**Work task**
The whole listing that follows is to be restated word for word, images excluded.

**Collected data**
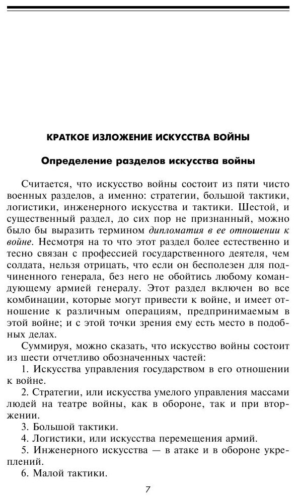 Барон Генрих Жомини начал военную карьеру в Швейцарии, затем посту¬пил во французскую армию, участвовал в наполеоновских походах, был начальником штаба маршала Нея, а в 1813 г. перешел на службу в русскую армию. Подробно рассматривая все аспекты, присущие теории и практике войны, Жомини предлагает анализ стратегических проблем, сопутствующих различным театрам и полям боевых действий, тактики наступления и обороны, неожиданных маневров, специальных операций, уделяет внимание важности разведки и развертывания сил, организации тыла и снабжения, роли инженерных сооружений и влиянию на ход военных событий дипломатии. Классический труд Жомини не только неоценимый исторический памятник, но и непревзойденное фундаментальное исследование по стратегии и тактике ведения войны, высоко оцененное специалистами и, безусловно, интересное для всех, кого волнует история развития военной мысли.
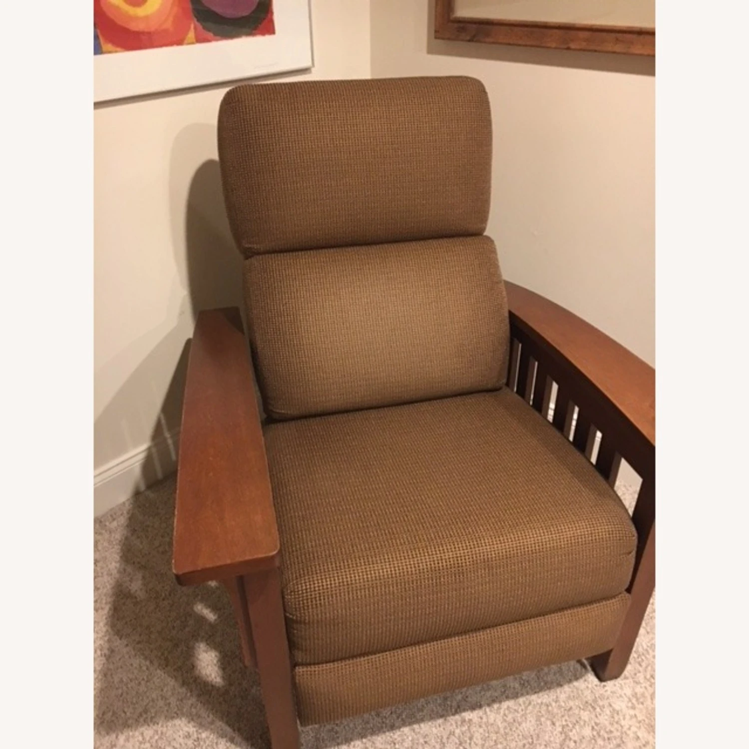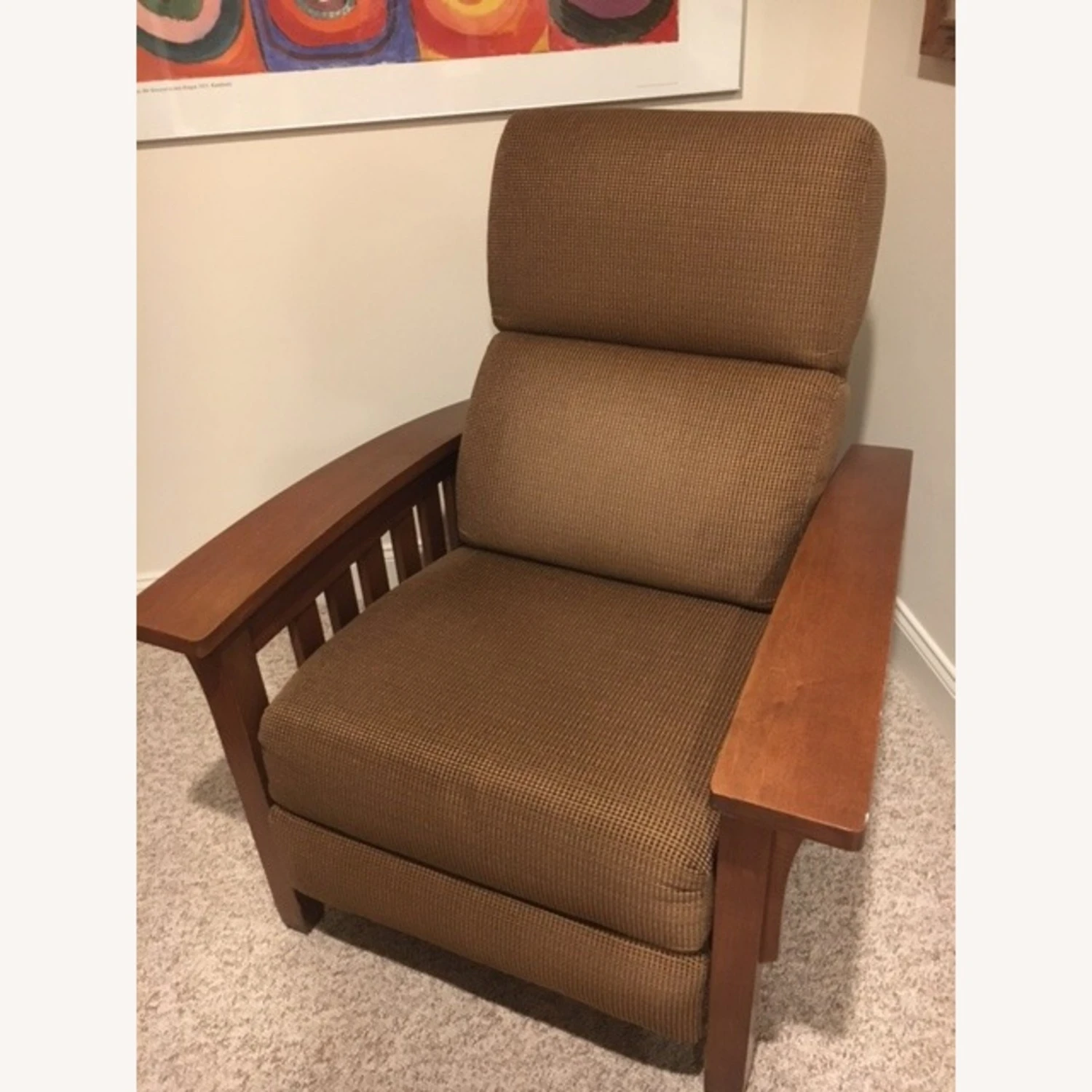 Seller’s Notes: These Ethan Allen recliners are in mint condition! Sit back, relax and enjoy the comfort of a finely crafted piece of furniture that has been meticulously looked after and lovingly cared for. Photos of both chairs are shown – they were purchased at the same time and are identical – and are in identical, excellent condition now.
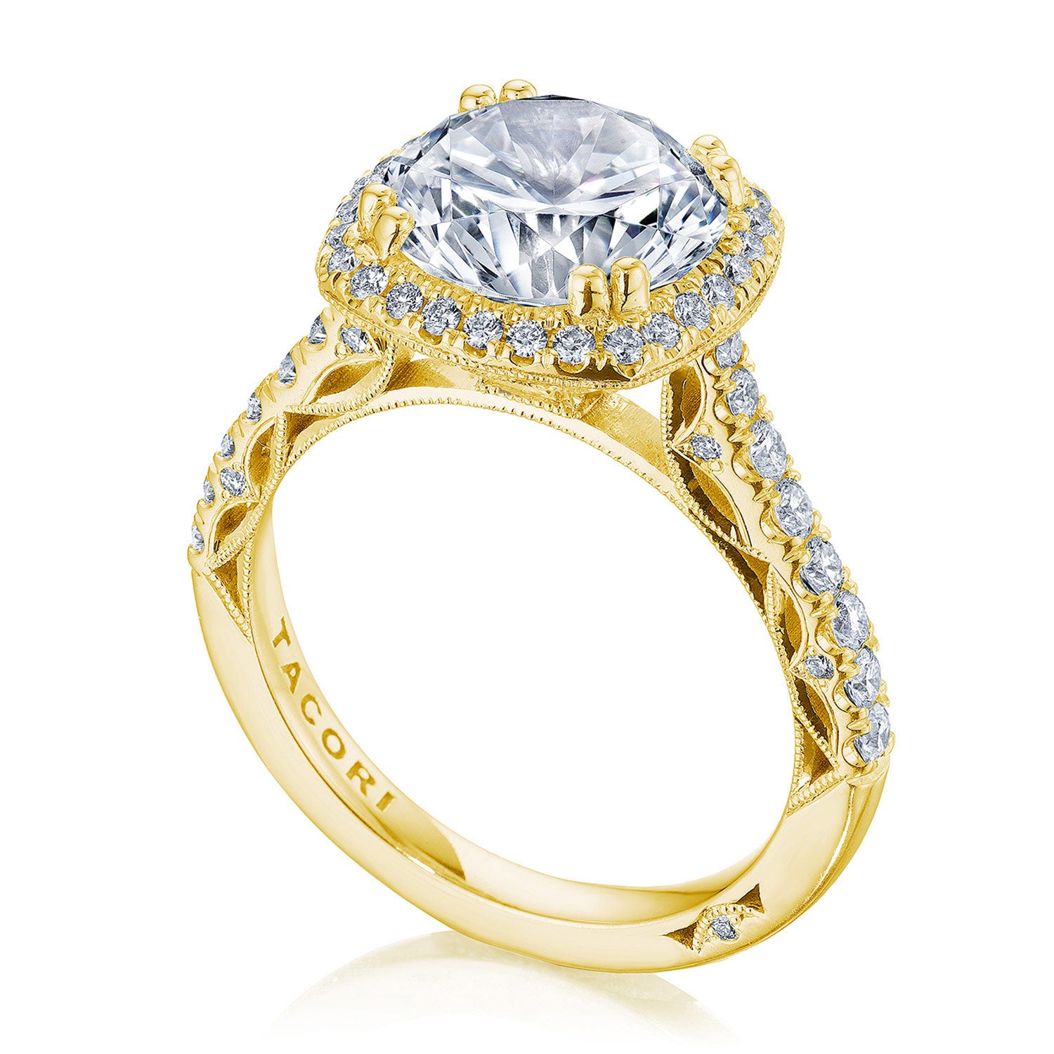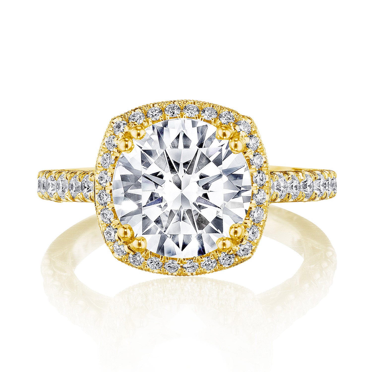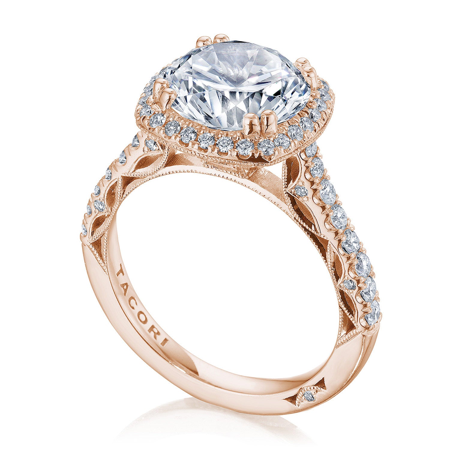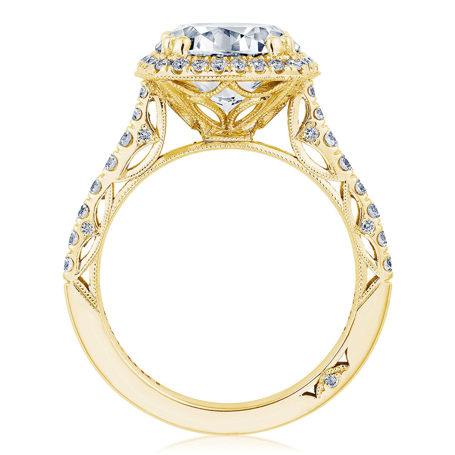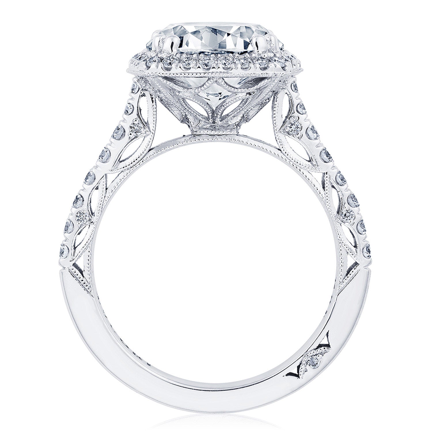 A subtle Spotlight Bloom encircles the center stone, and more brilliance is added by the meticulous French pavé that leads up the ceiling. A lace-like Crescent Fabric, edged with milgrain, gives stunning texture to the inner face profile.
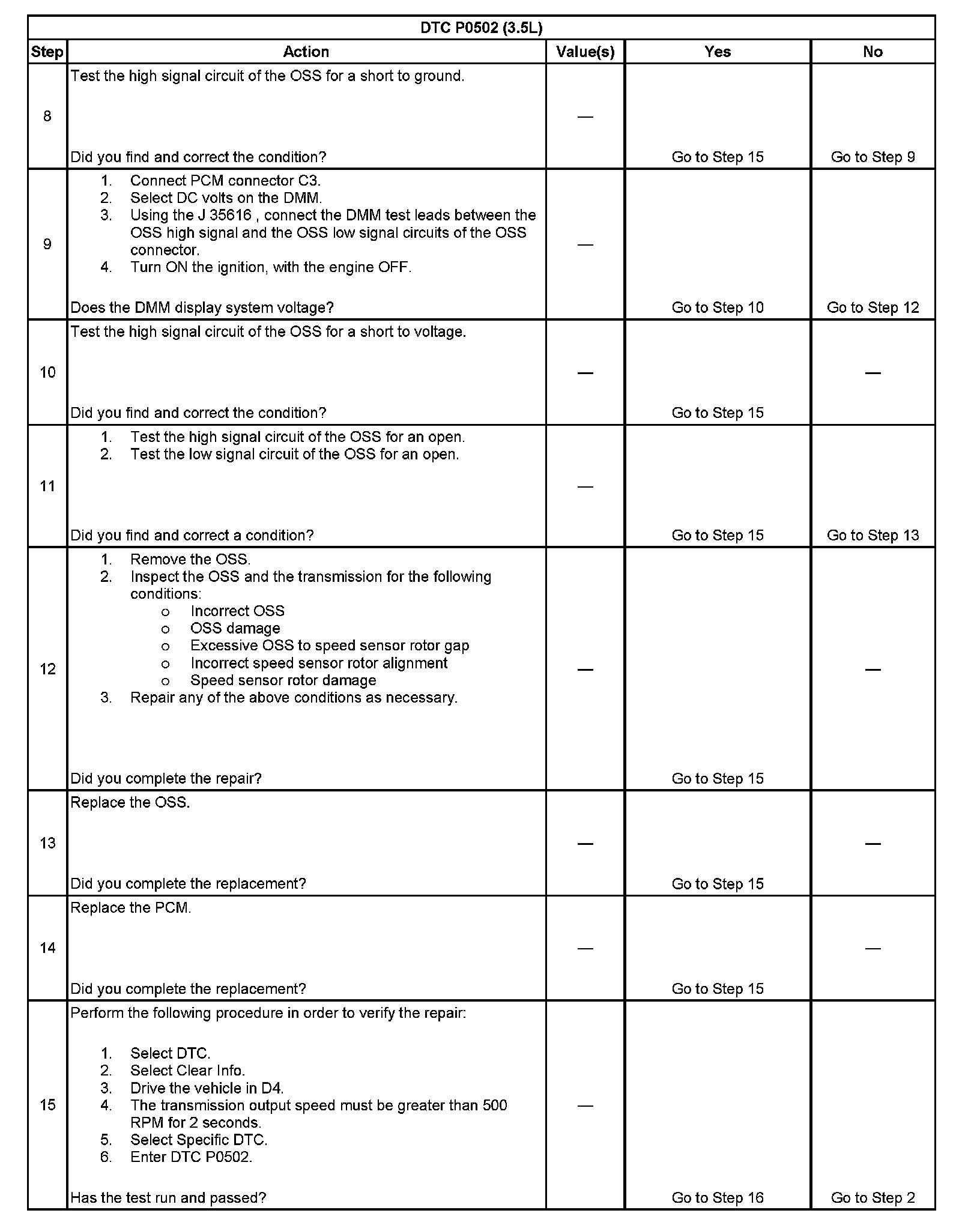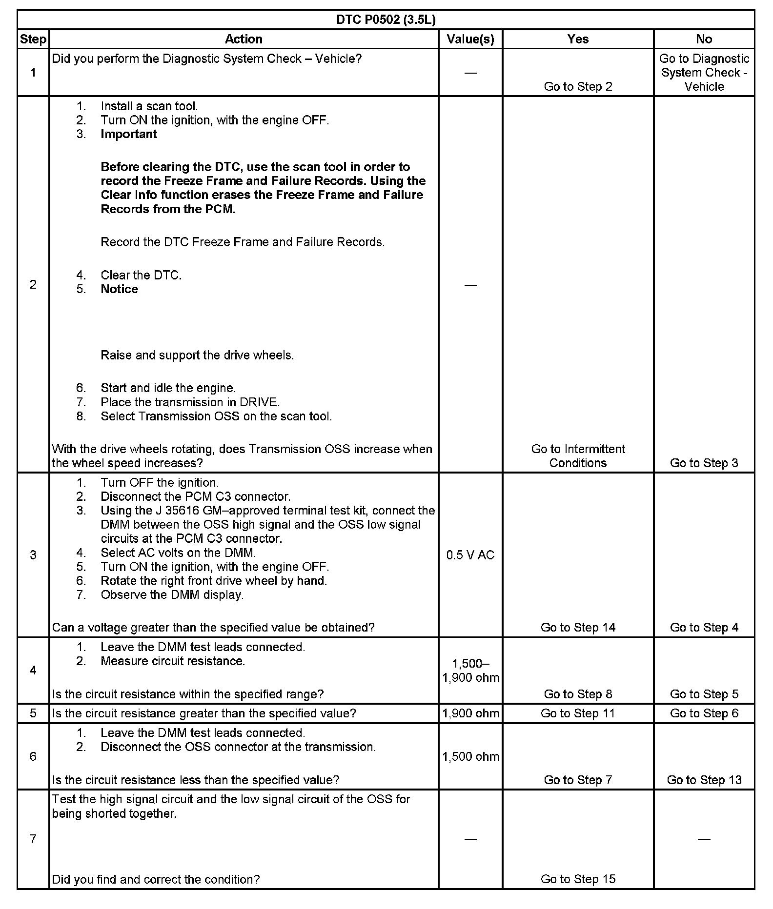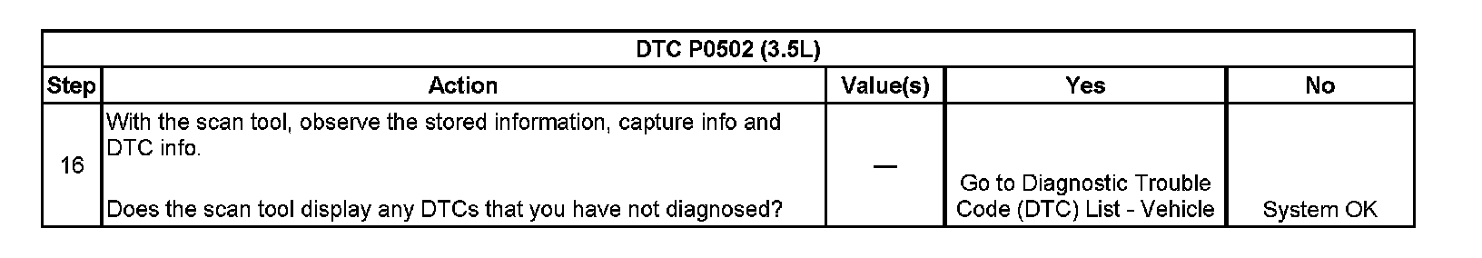 ^ The PCM stores DTC P0502 in PCM history during the second consecutive trip in which the Conditions for Setting the DTC are met.

**Task answer**
 Барон Генрих Жомини начал военную карьеру в Швейцарии, затем посту¬пил во французскую армию, участвовал в наполеоновских походах, был начальником штаба маршала Нея, а в 1813 г. перешел на службу в русскую армию. Подробно рассматривая все аспекты, присущие теории и практике войны, Жомини предлагает анализ стратегических проблем, сопутствующих различным театрам и полям боевых действий, тактики наступления и обороны, неожиданных маневров, специальных операций, уделяет внимание важности разведки и развертывания сил, организации тыла и снабжения, роли инженерных сооружений и влиянию на ход военных событий дипломатии. Классический труд Жомини не только неоценимый исторический памятник, но и непревзойденное фундаментальное исследование по стратегии и тактике ведения войны, высоко оцененное специалистами и, безусловно, интересное для всех, кого волнует история развития военной мысли.
 Seller’s Notes: These Ethan Allen recliners are in mint condition! Sit back, relax and enjoy the comfort of a finely crafted piece of furniture that has been meticulously looked after and lovingly cared for. Photos of both chairs are shown – they were purchased at the same time and are identical – and are in identical, excellent condition now.
 A subtle Spotlight Bloom encircles the center stone, and more brilliance is added by the meticulous French pavé that leads up the ceiling. A lace-like Crescent Fabric, edged with milgrain, gives stunning texture to the inner face profile.
 ^ The PCM stores DTC P0502 in PCM history during the second consecutive trip in which the Conditions for Setting the DTC are met.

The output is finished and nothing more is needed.